12 Position the filter We’ll take our new Rod-light and move it around in our scene, scaling and adjusting until it surrounds the prax in scope. In the IPR session you’ll see that everything inside the Rod-light is black. To create the effect of a spotlight, toggle Invert so everything outside of the Rod-light is in shadow. Try moving the Rod-light around and changing different parameters to try out different looks; you’ll be able to see the results immediately in the IPR session. Multiple filters can be added to the same light as well. filters offer many ways to sculpt light intuitively and non-destructively.
13 Composition now we have the praxinoscope in all of its glory, fully shaded and lit. for our final rendering we need to compose a shot. To make things more interesting, frame the shot through the magnifying lens. With the IPR session running, move the camera and the magnifying glass and create an interesting composition. If the refraction doesn’t look right, try scaling the lens to increase or reduce the amount of distortion. With immediate feedback in IPR it’s easy to frame this somewhat tricky shot.

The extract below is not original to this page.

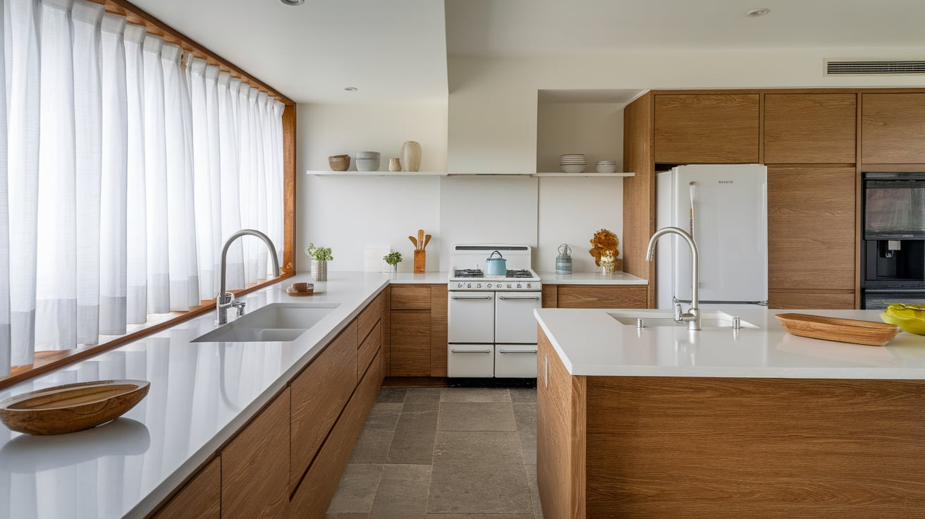 8. White Countertops with Warm Wood Accents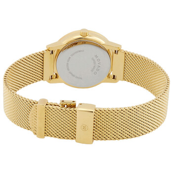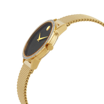 Yellow gold-tone stainless steel case and bracelet. Fixed yellow gold-tone bezel with diamond set stainless steel. Black dial with yellow gold-tone hands. Dial Type: Analog. Quartz movement. Round case shape, case size: 28 mm. Fold over clasp. Functions: hour, minute. Museum Classic Series. Casual watch style. Watch label: Swiss Made. Movado Museum Classic Quartz Diamond Black Dial Ladies Watch 0607606.

14 Pixar Camera To finish up our praxinoscope we’ll add some imperfections to our camera using a custom pxrcamera. Select the Maya Camera and enable Depth of field. Adjust until the Dof is to your liking. next, go to the Renderman tab of the camera. once in the Renderman tab we can toggle enable Camera Projection and right-click on the new field to select pxrcamera. here we can add a vignette to the camera, as well as more complex effects like Tilt Shift Dof, which we can also view in our IPR session. The physical camera controls are capable of creating some unique looks.
15 Render with the Denoiser finally, before rendering an animated sequence enable the Denoiser, which allows images to be rendered with fewer samples for faster renders. The Denoiser runs as a post-process, removing any artifacts. In the new Renderman for Maya, it’s straightforward to denoise specific passes, Aovs and lpes as the Denoiser is now found in the Aovs tab in the Render Settings (just select the Beauty Pass). And that’s how we made our praxinoscope!